**YOUR TASK:**
The material below is to be copied exactly from the line with "APPROVAL NO. L664141サイズ:約8×8cm以内" up to and including the line with "仪式现场,上海浦江数链数字科", with nothing else kept and no pictures.
─── EXTRACTED ENTRIES
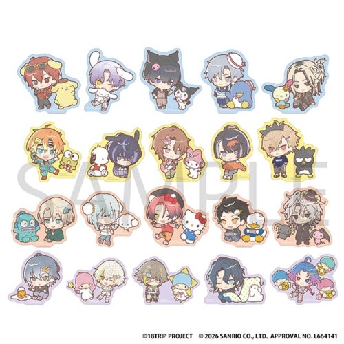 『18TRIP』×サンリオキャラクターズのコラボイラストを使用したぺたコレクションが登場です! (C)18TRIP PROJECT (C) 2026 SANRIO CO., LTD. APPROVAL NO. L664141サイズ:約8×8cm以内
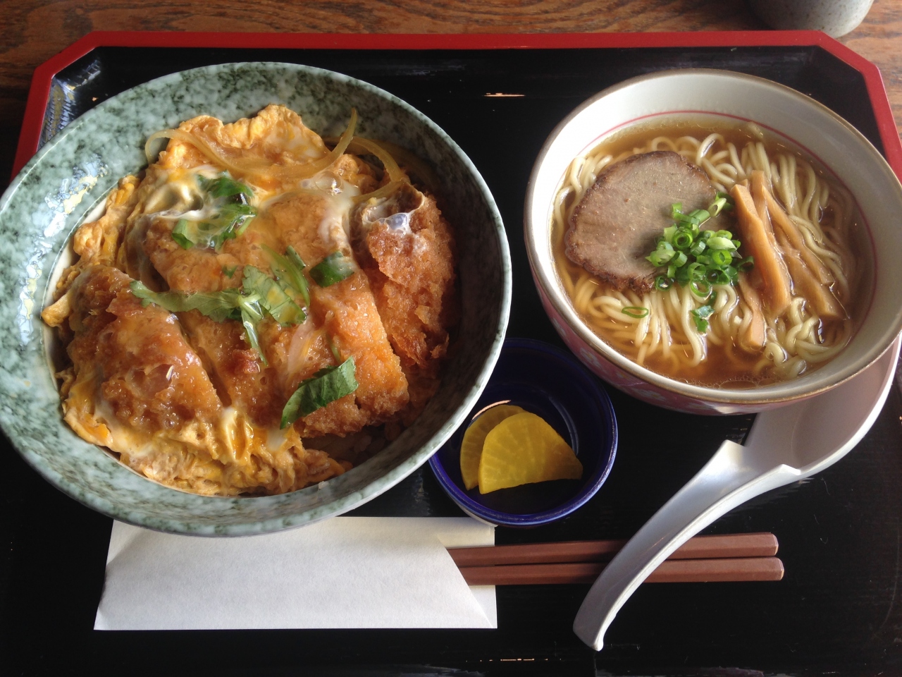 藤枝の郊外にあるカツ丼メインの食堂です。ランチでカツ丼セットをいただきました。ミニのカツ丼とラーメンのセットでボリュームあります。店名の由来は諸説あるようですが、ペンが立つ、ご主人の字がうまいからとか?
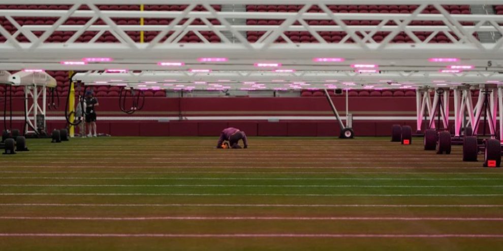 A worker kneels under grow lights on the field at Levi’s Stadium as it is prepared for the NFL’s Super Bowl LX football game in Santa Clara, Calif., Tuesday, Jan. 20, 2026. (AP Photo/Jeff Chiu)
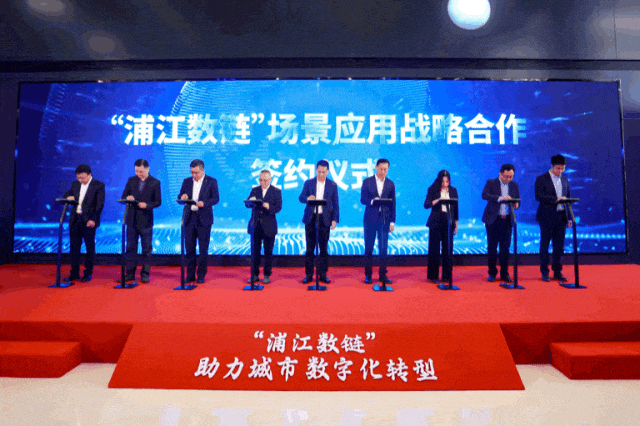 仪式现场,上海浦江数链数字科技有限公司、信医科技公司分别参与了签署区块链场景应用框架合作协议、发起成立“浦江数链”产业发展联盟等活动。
──────
─── EXTRACTED ENTRIES
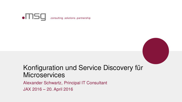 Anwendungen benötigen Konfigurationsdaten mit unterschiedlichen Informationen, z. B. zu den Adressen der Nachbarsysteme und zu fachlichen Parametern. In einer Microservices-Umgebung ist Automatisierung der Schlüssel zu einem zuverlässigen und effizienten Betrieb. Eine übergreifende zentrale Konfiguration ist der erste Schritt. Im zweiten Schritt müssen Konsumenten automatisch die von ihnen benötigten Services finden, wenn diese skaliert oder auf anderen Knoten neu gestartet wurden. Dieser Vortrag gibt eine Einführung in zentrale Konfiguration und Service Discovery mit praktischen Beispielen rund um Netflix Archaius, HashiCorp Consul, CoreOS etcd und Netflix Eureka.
──────
**EXERCISE ANSWER:**
 『18TRIP』×サンリオキャラクターズのコラボイラストを使用したぺたコレクションが登場です! (C)18TRIP PROJECT (C) 2026 SANRIO CO., LTD. APPROVAL NO. L664141サイズ:約8×8cm以内
 藤枝の郊外にあるカツ丼メインの食堂です。ランチでカツ丼セットをいただきました。ミニのカツ丼とラーメンのセットでボリュームあります。店名の由来は諸説あるようですが、ペンが立つ、ご主人の字がうまいからとか?
 A worker kneels under grow lights on the field at Levi’s Stadium as it is prepared for the NFL’s Super Bowl LX football game in Santa Clara, Calif., Tuesday, Jan. 20, 2026. (AP Photo/Jeff Chiu)
 仪式现场,上海浦江数链数字科技有限公司、信医科技公司分别参与了签署区块链场景应用框架合作协议、发起成立“浦江数链”产业发展联盟等活动。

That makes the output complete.